• TASK DETAILS:
Output the whole listing below exactly, omitting the images.

• DATA SHOWN:
---------------

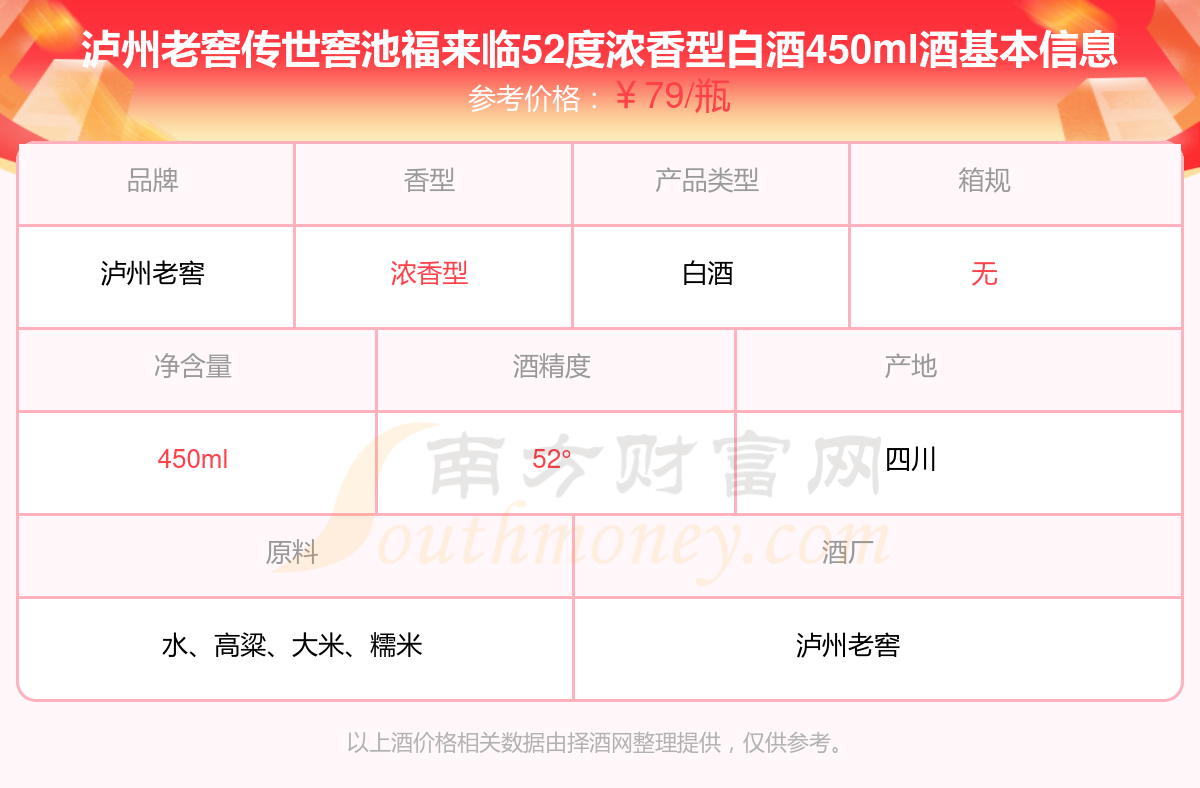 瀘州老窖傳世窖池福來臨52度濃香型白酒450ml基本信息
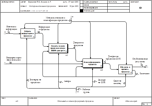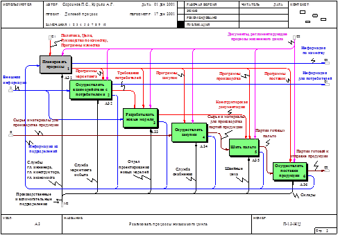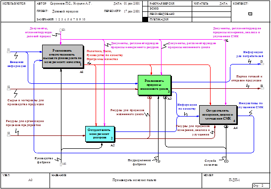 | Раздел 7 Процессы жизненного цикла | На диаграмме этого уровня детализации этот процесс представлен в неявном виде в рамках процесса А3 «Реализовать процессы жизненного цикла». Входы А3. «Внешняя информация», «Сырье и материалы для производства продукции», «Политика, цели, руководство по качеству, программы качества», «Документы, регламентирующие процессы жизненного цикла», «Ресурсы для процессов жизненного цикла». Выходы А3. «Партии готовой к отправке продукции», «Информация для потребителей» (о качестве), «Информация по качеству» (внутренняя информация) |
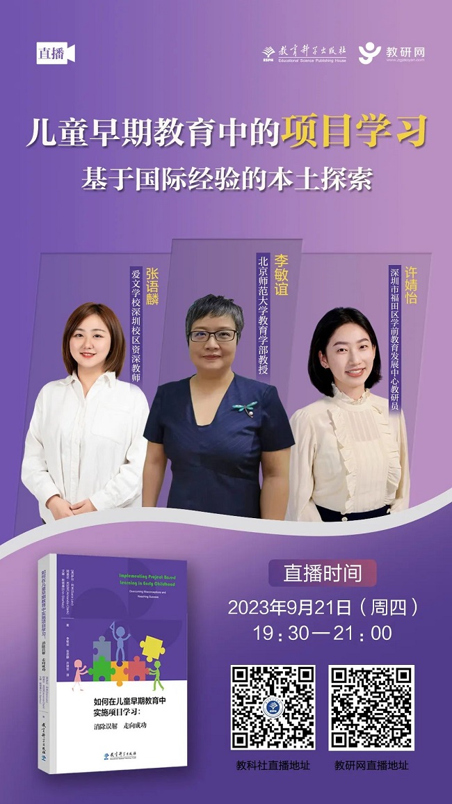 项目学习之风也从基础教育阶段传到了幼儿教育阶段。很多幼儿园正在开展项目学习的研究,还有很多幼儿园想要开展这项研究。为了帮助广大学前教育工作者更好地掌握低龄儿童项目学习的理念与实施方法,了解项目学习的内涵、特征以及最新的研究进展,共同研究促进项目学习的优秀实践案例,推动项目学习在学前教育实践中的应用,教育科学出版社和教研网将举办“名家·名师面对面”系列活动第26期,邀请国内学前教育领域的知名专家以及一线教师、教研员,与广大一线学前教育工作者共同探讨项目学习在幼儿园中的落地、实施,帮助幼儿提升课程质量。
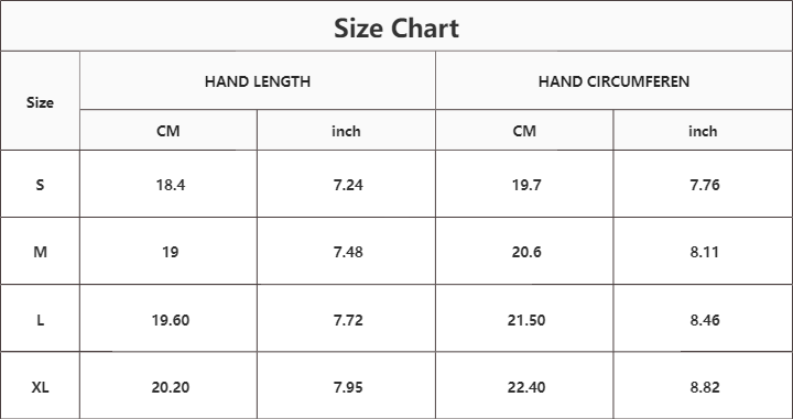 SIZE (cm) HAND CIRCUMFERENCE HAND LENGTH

---------------

• SOLUTION TO THIS TASK:
 瀘州老窖傳世窖池福來臨52度濃香型白酒450ml基本信息
 | Раздел 7 Процессы жизненного цикла | На диаграмме этого уровня детализации этот процесс представлен в неявном виде в рамках процесса А3 «Реализовать процессы жизненного цикла». Входы А3. «Внешняя информация», «Сырье и материалы для производства продукции», «Политика, цели, руководство по качеству, программы качества», «Документы, регламентирующие процессы жизненного цикла», «Ресурсы для процессов жизненного цикла». Выходы А3. «Партии готовой к отправке продукции», «Информация для потребителей» (о качестве), «Информация по качеству» (внутренняя информация) |
 项目学习之风也从基础教育阶段传到了幼儿教育阶段。很多幼儿园正在开展项目学习的研究,还有很多幼儿园想要开展这项研究。为了帮助广大学前教育工作者更好地掌握低龄儿童项目学习的理念与实施方法,了解项目学习的内涵、特征以及最新的研究进展,共同研究促进项目学习的优秀实践案例,推动项目学习在学前教育实践中的应用,教育科学出版社和教研网将举办“名家·名师面对面”系列活动第26期,邀请国内学前教育领域的知名专家以及一线教师、教研员,与广大一线学前教育工作者共同探讨项目学习在幼儿园中的落地、实施,帮助幼儿提升课程质量。
 SIZE (cm) HAND CIRCUMFERENCE HAND LENGTH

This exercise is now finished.